Extracted records
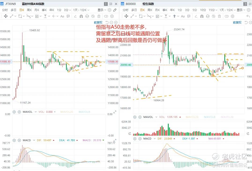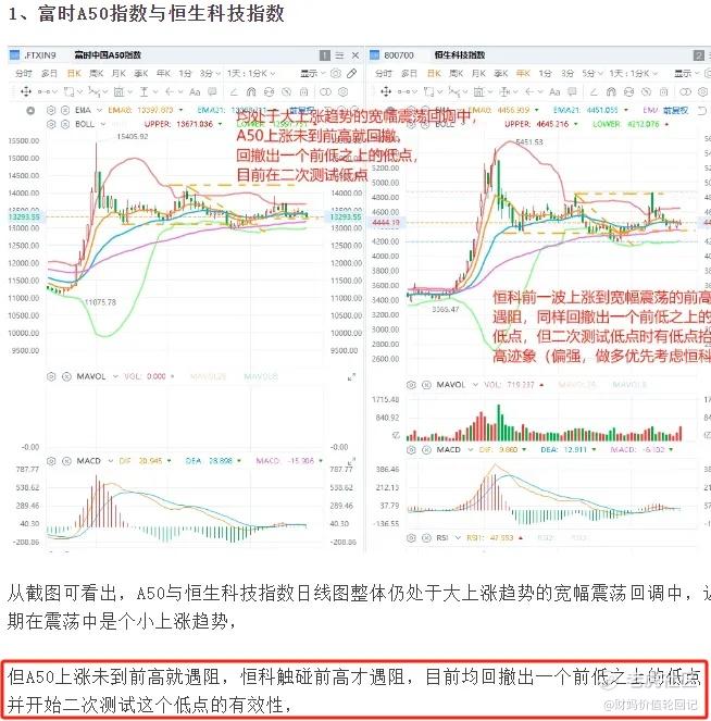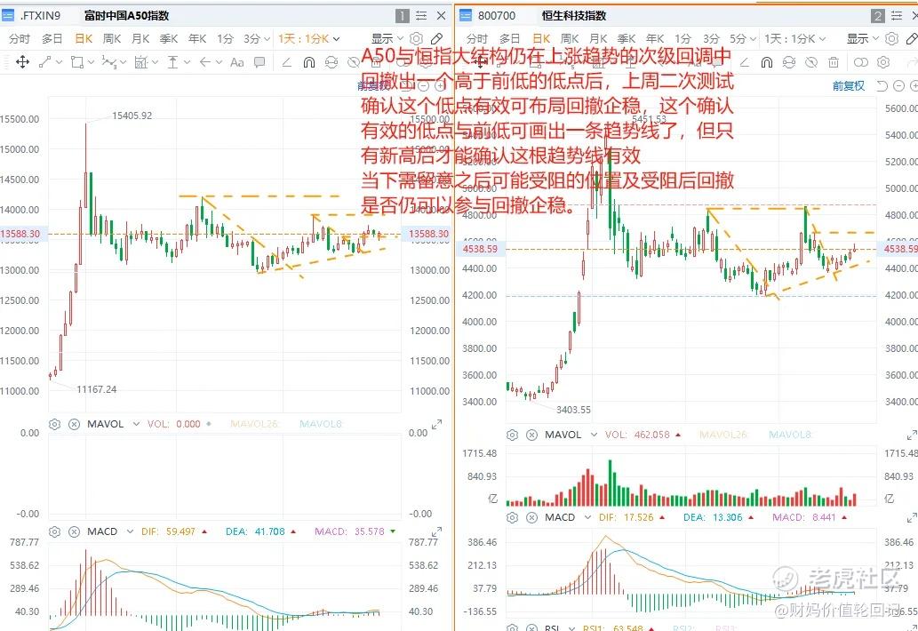 从截图可看出,A50与恒生科技指数日线图整体仍处于大上涨趋势的宽幅震荡回调中,近期在震荡中是个小上涨趋势,
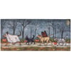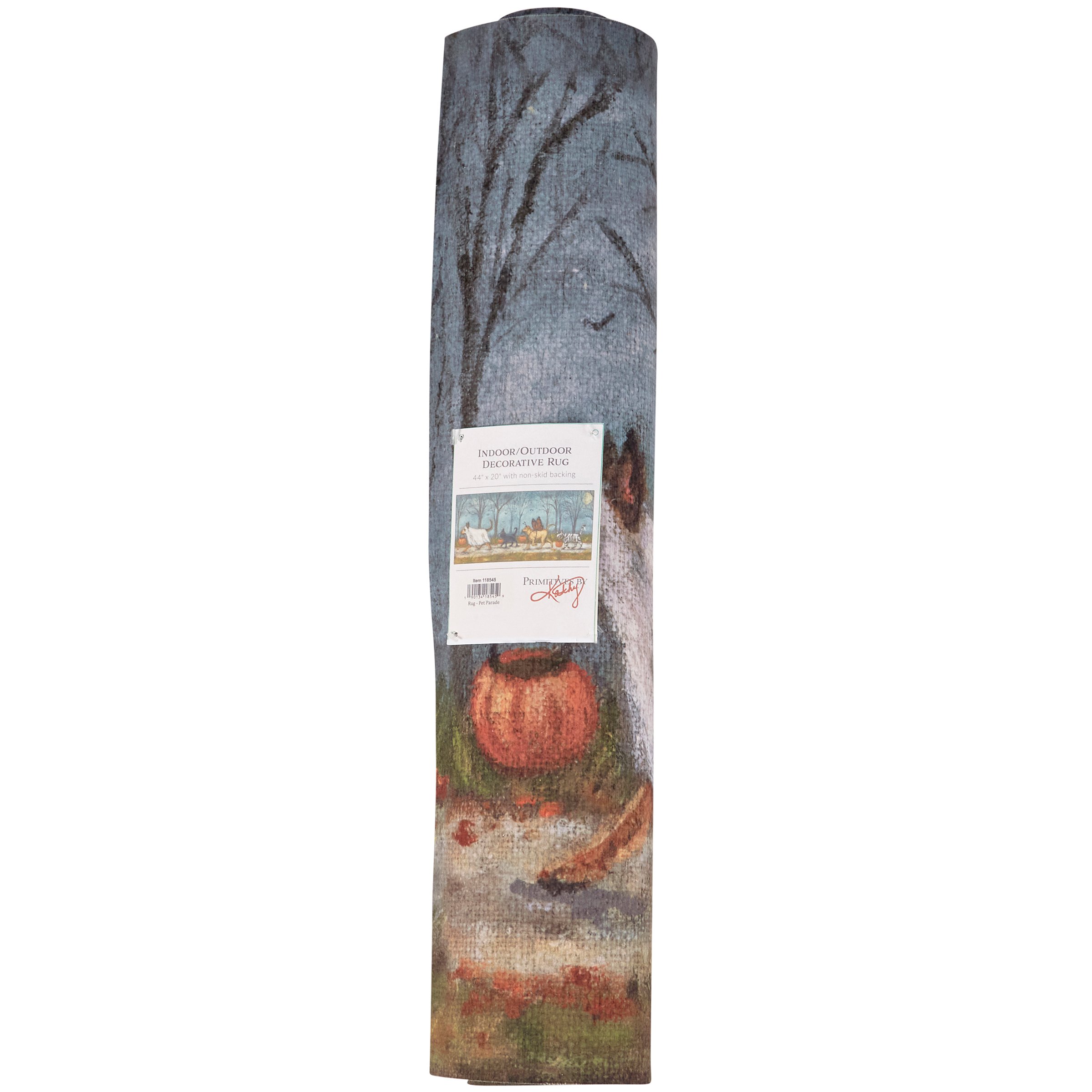 A polyester rug from our Halloween Collection displaying a fun design of pets in various Halloween costumes walking together holding treat buckets. Design is replicated from original artwork painted onto burlap canvas, giving the art a unique depth and texture. Rug can be used indoor or outdoor and features skid-resistant backing to help stay in place. Spot cleaning recommended. Our Spooky Pet Parade rug comes packaged neatly rolled with tag displaying full rug design. A pet-themed seasonal home accent that adds functional style.
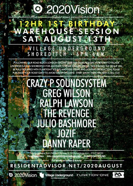 RA Tickets: 2020 Vision 1st Birthday with Crazy P, Greg Wilson, The Revenge and Julio Bashmore at Village Underground, London
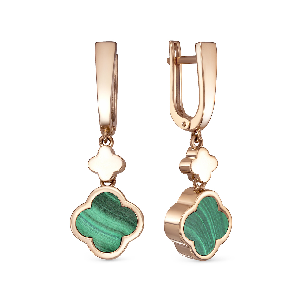 Серьги из красного золота с малахитом
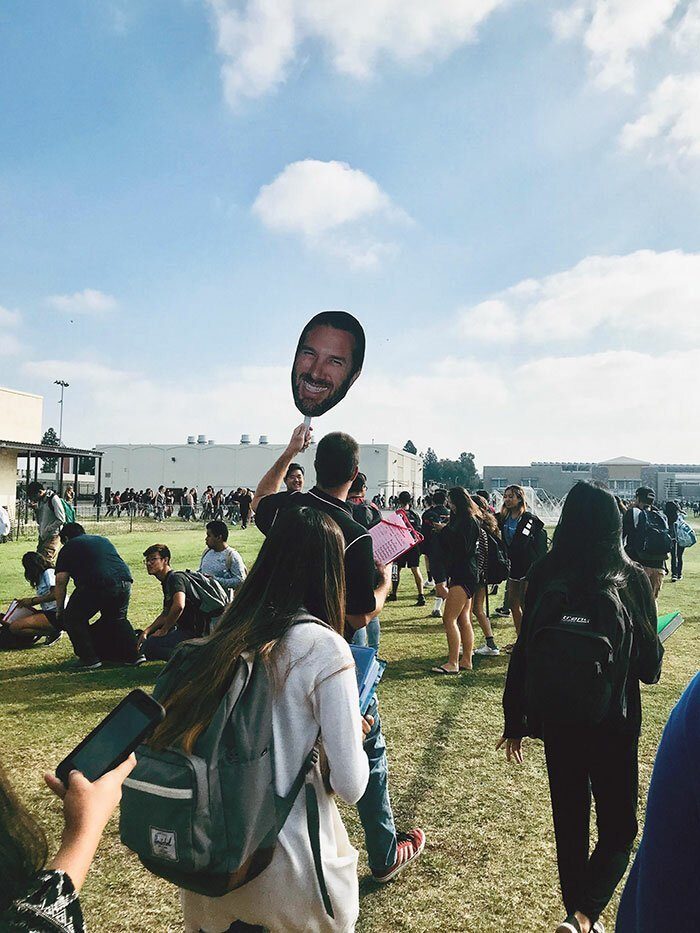 Источник: static.boredpanda.com16. Преподаватель несет табличку со своим лицом, чтобы никто из учеников не потерялся во время пожарных учений
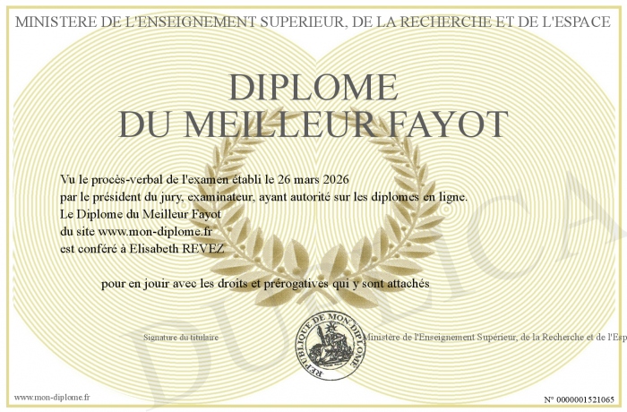 Envoyez par email votre Diplôme du Meilleur Fayot personalisé
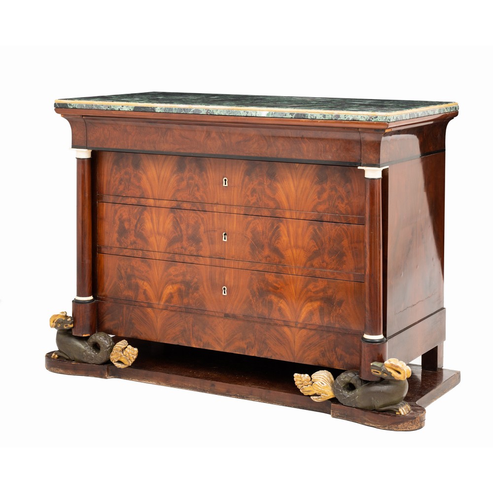 Cassettone a quattro cassetti in legno di mogano e piuma di mogano con piedi in legno laccato e dorato raffiguranti "Animali mitologici", periodo Isabellino.
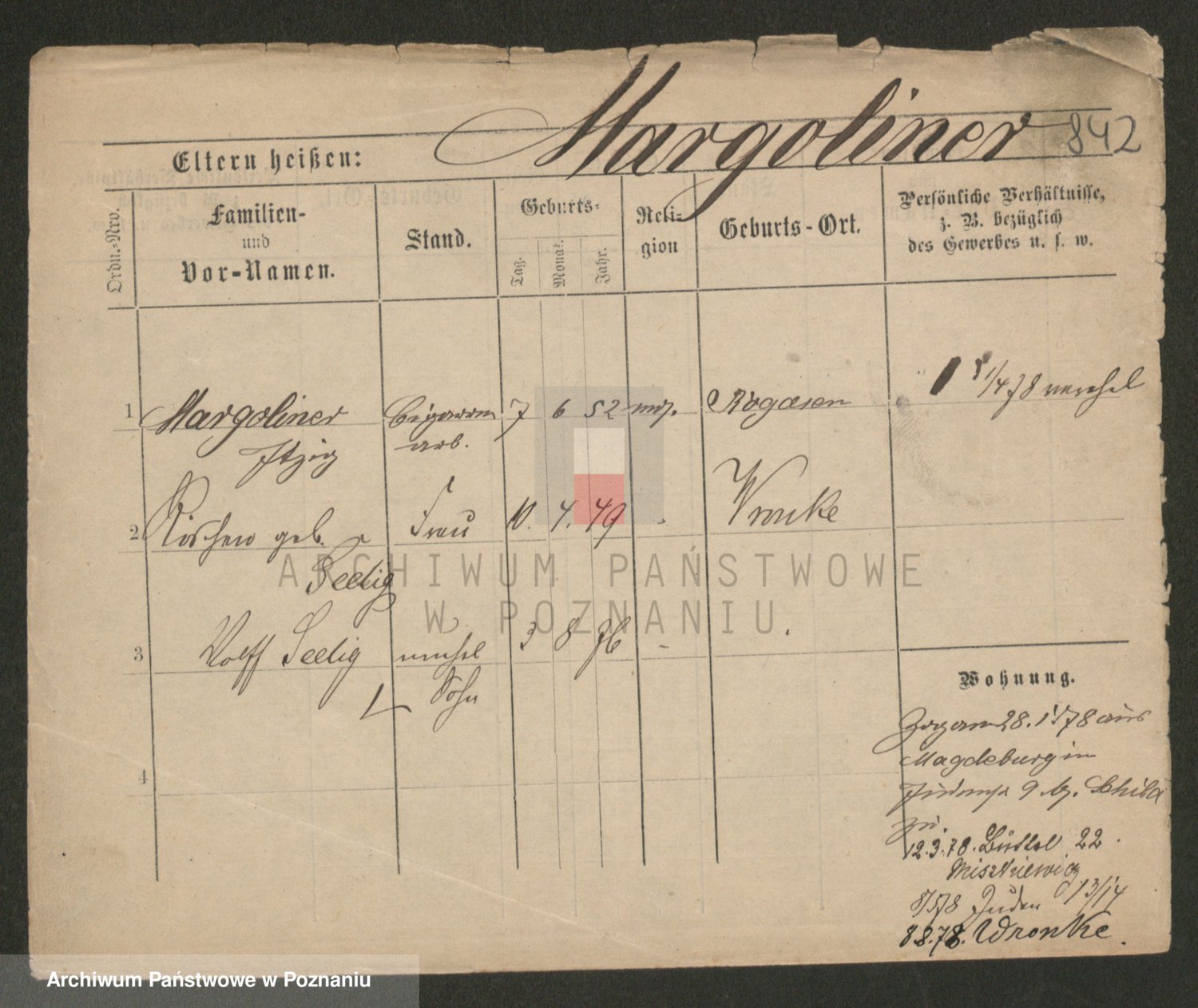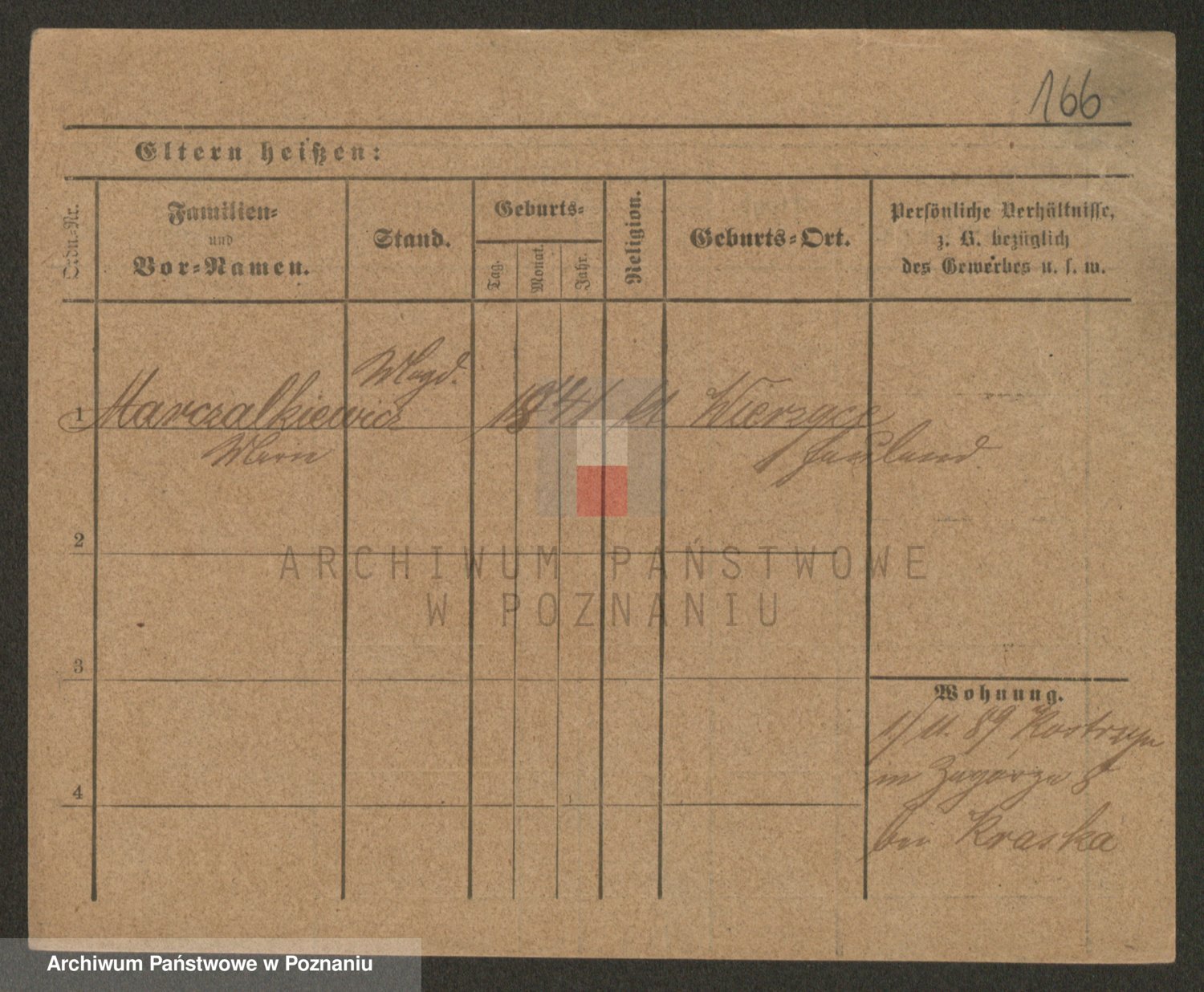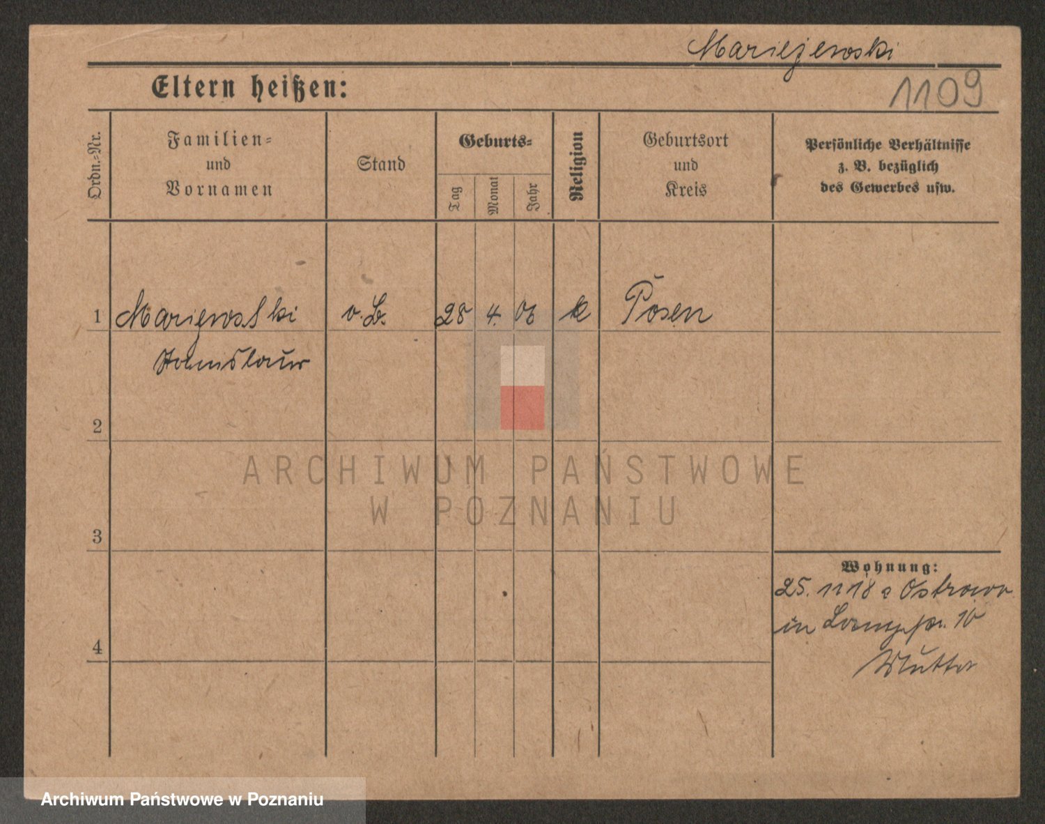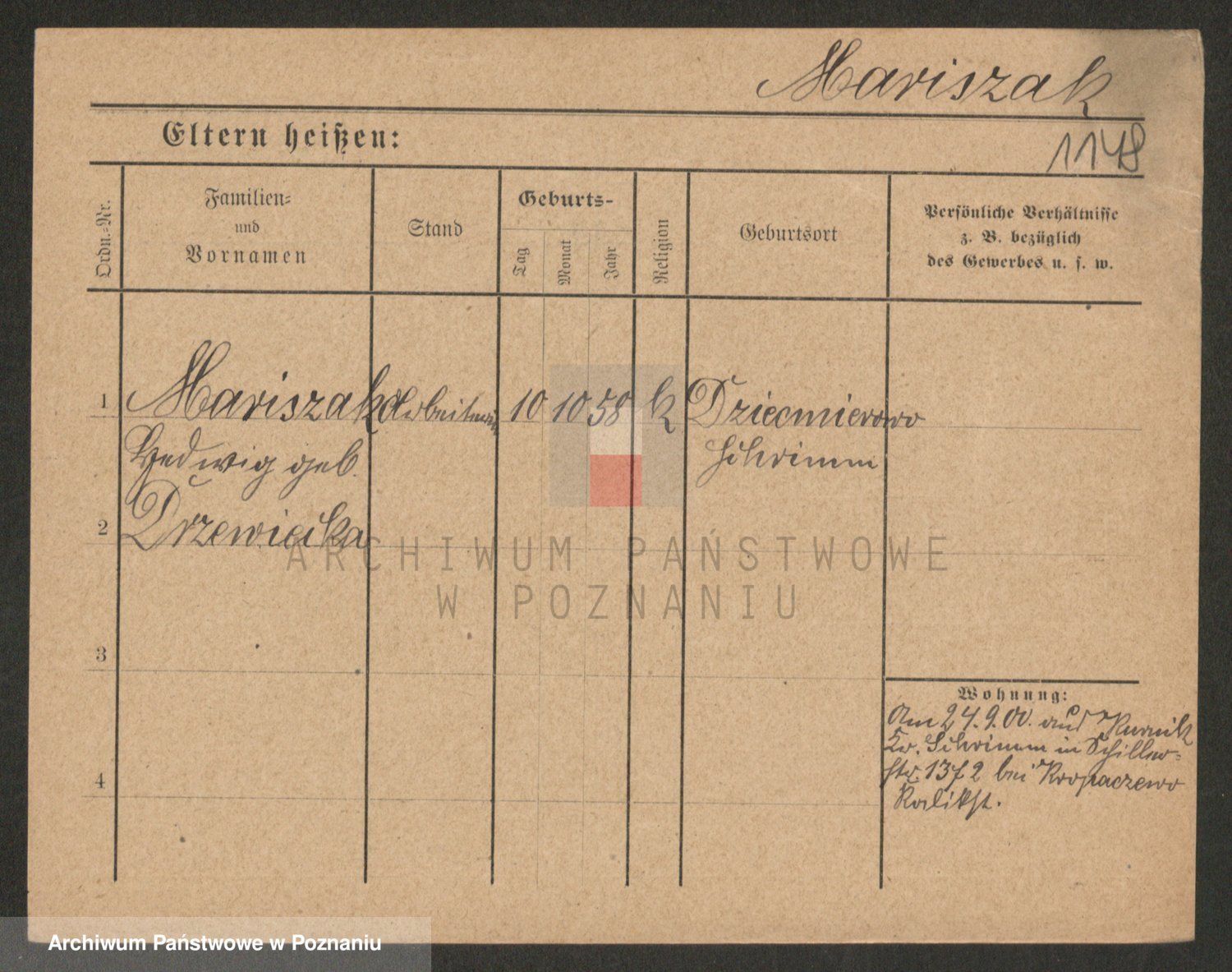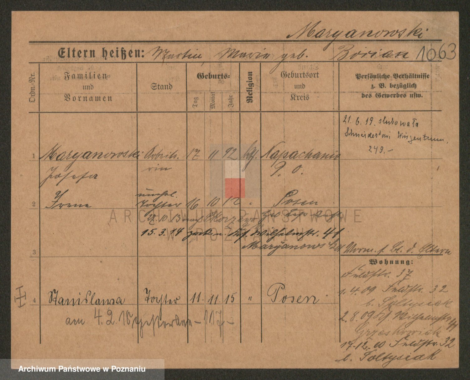 Podgląd karty osobowej dostępny jest po kliknięciu na nazwisko lub ikonkę karty. Można dokonywać powiększenia (ikony na górze) lub przechodzić między kolejnymi skanami (strzałki po bokach).

__Exercise goal__.
Print every entry exactly. Pictures are not part of the copy.

__Solution__.
 从截图可看出,A50与恒生科技指数日线图整体仍处于大上涨趋势的宽幅震荡回调中,近期在震荡中是个小上涨趋势,
 A polyester rug from our Halloween Collection displaying a fun design of pets in various Halloween costumes walking together holding treat buckets. Design is replicated from original artwork painted onto burlap canvas, giving the art a unique depth and texture. Rug can be used indoor or outdoor and features skid-resistant backing to help stay in place. Spot cleaning recommended. Our Spooky Pet Parade rug comes packaged neatly rolled with tag displaying full rug design. A pet-themed seasonal home accent that adds functional style.
 RA Tickets: 2020 Vision 1st Birthday with Crazy P, Greg Wilson, The Revenge and Julio Bashmore at Village Underground, London
 Серьги из красного золота с малахитом
 Источник: static.boredpanda.com16. Преподаватель несет табличку со своим лицом, чтобы никто из учеников не потерялся во время пожарных учений
 Envoyez par email votre Diplôme du Meilleur Fayot personalisé
 Cassettone a quattro cassetti in legno di mogano e piuma di mogano con piedi in legno laccato e dorato raffiguranti "Animali mitologici", periodo Isabellino.
 Podgląd karty osobowej dostępny jest po kliknięciu na nazwisko lub ikonkę karty. Można dokonywać powiększenia (ikony na górze) lub przechodzić między kolejnymi skanami (strzałki po bokach).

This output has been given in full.